## What to produce
The material below contains a line with "- Content Reel" and a line with "Dans le cadre". Copy exactly those two lines and all lines between them.
++++ Extracted entries ++++
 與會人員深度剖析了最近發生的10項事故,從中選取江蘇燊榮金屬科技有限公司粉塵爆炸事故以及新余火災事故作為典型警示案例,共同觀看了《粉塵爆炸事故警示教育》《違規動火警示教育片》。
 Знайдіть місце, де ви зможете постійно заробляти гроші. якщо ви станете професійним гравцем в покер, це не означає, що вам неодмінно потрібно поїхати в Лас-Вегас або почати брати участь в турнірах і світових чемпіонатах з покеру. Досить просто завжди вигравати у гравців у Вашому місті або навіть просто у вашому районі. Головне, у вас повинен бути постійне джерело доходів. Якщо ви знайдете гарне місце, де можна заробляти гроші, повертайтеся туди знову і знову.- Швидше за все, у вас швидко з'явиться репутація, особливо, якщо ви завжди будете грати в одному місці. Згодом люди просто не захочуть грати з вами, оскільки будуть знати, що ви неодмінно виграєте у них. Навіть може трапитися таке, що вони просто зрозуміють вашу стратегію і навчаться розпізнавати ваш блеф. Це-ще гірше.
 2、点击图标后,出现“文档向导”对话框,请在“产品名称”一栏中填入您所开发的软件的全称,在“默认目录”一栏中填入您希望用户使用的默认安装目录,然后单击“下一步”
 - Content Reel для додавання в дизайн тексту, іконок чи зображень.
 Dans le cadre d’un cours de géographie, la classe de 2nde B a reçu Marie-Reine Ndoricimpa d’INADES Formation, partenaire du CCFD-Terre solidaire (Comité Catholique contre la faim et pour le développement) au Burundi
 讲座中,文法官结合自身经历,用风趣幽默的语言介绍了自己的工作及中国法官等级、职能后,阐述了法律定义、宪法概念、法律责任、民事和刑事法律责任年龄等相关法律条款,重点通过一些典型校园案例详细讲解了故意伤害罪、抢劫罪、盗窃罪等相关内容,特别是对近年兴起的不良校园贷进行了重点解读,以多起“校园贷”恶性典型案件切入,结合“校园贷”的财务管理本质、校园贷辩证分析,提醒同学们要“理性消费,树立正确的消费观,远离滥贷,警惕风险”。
++++
++++ Extracted entries ++++
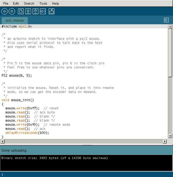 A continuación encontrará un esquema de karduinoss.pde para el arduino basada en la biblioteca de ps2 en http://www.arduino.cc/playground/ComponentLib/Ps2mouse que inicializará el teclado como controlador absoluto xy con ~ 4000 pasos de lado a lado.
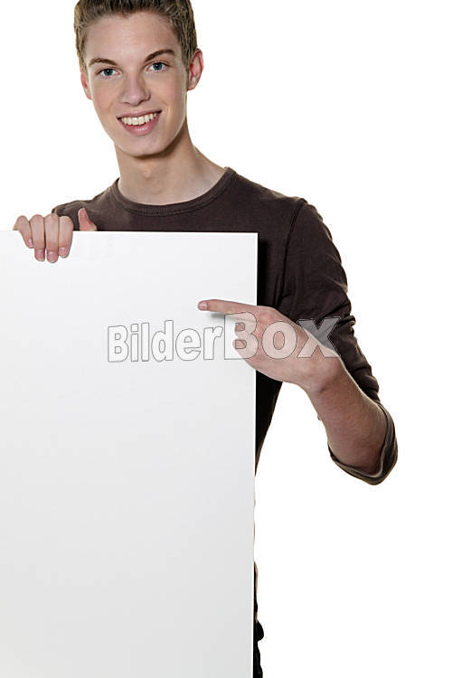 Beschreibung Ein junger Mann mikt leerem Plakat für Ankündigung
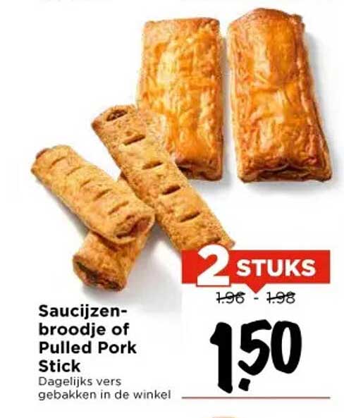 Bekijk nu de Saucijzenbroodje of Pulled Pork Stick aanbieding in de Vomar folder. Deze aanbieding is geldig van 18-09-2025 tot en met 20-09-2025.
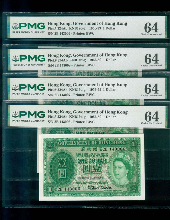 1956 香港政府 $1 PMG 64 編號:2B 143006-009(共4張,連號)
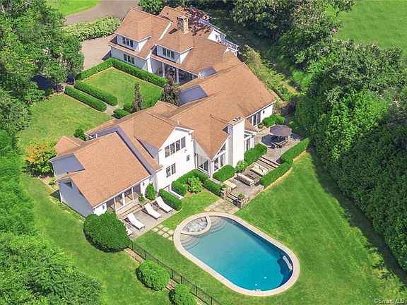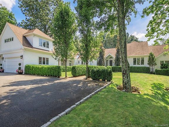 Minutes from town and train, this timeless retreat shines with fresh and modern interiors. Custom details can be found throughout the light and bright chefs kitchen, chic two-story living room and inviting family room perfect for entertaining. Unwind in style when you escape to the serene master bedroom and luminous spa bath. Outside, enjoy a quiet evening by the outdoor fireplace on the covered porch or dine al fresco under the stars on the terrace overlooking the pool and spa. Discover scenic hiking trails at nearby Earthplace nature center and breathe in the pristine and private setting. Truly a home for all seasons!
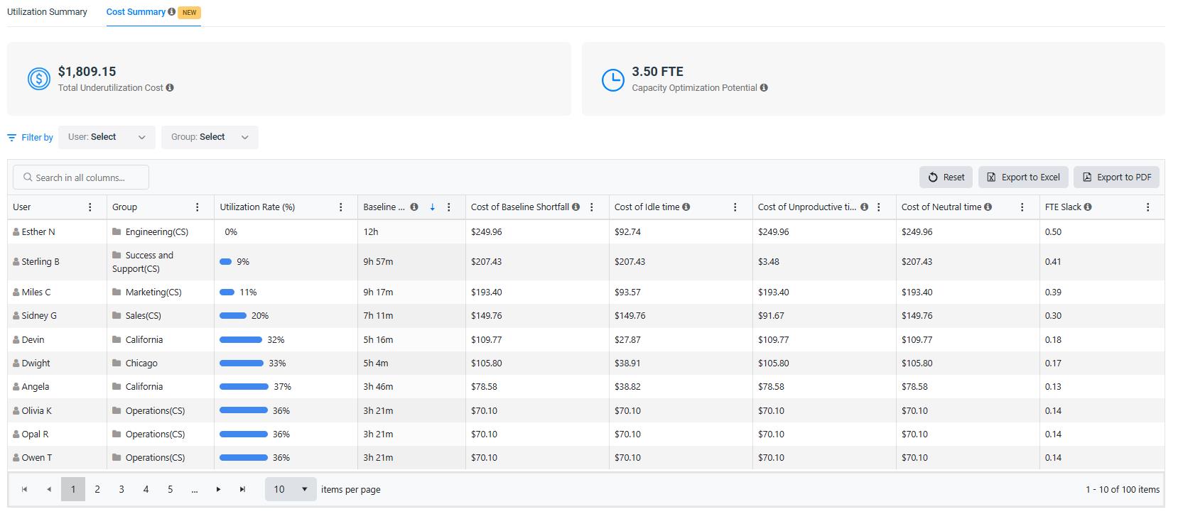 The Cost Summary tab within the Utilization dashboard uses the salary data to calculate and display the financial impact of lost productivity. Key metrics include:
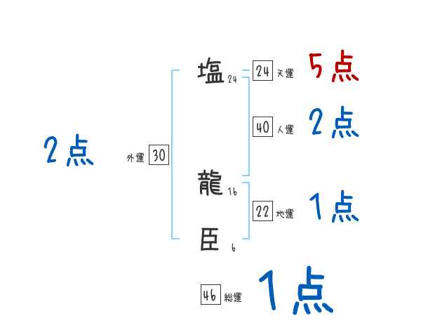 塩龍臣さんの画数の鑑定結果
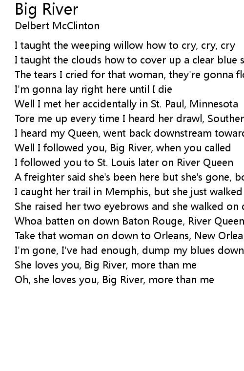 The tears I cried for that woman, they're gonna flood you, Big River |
++++
++++ Extracted entries ++++
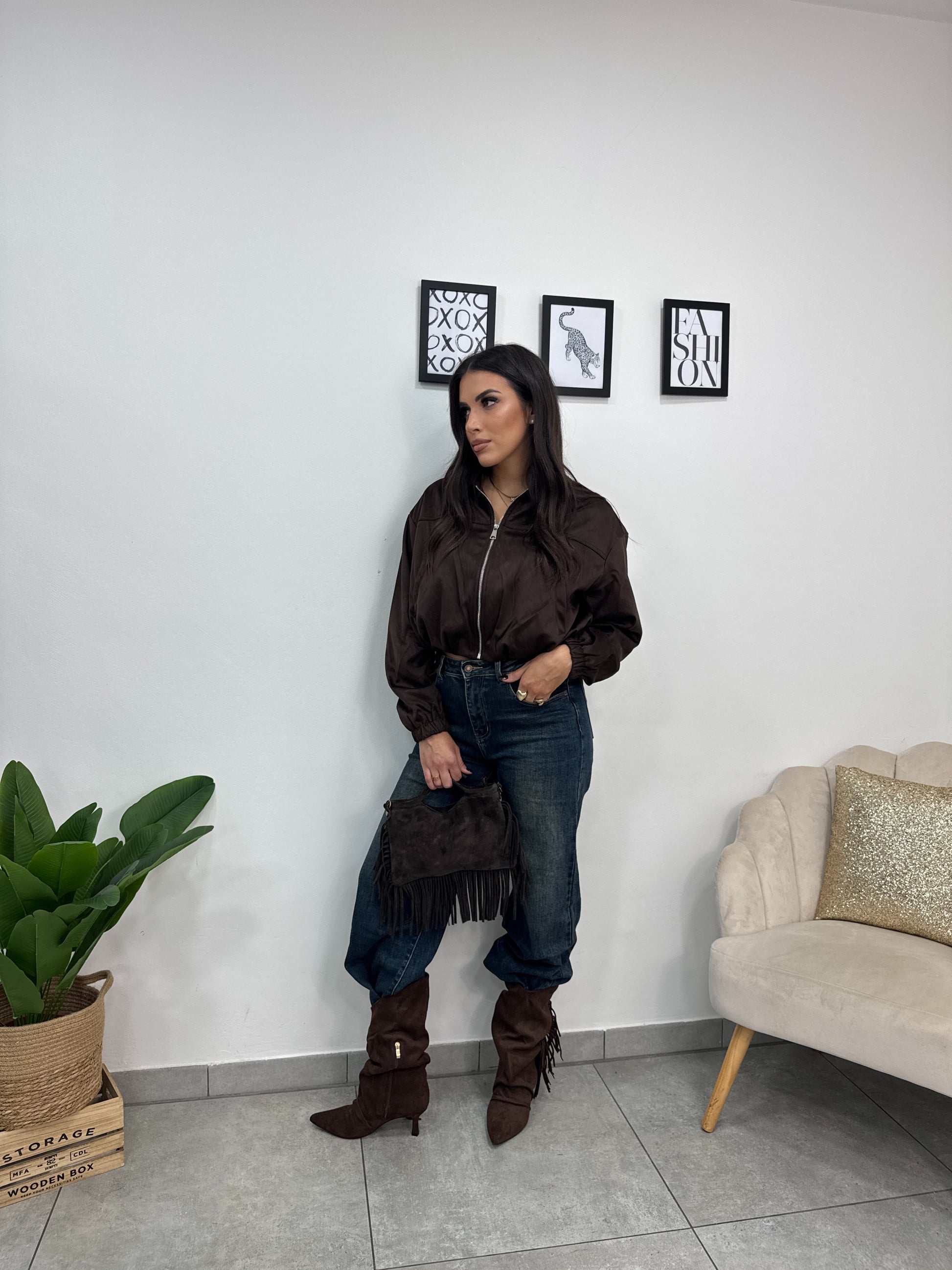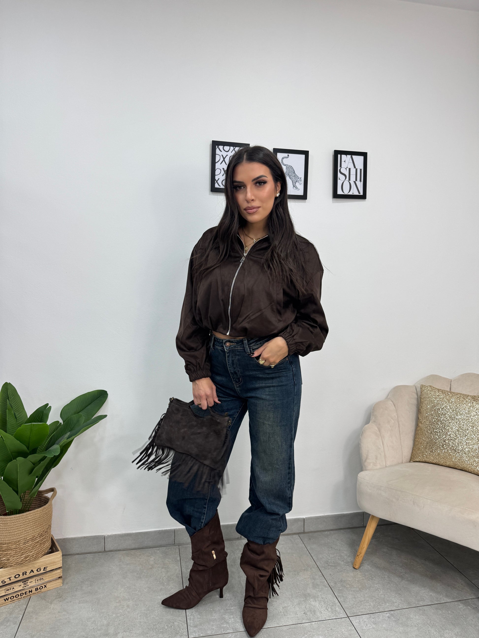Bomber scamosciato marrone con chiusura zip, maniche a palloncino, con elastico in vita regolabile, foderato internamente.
++++
## Output of the exercise
 - Content Reel для додавання в дизайн тексту, іконок чи зображень.
 Dans le cadre d’un cours de géographie, la classe de 2nde B a reçu Marie-Reine Ndoricimpa d’INADES Formation, partenaire du CCFD-Terre solidaire (Comité Catholique contre la faim et pour le développement) au Burundi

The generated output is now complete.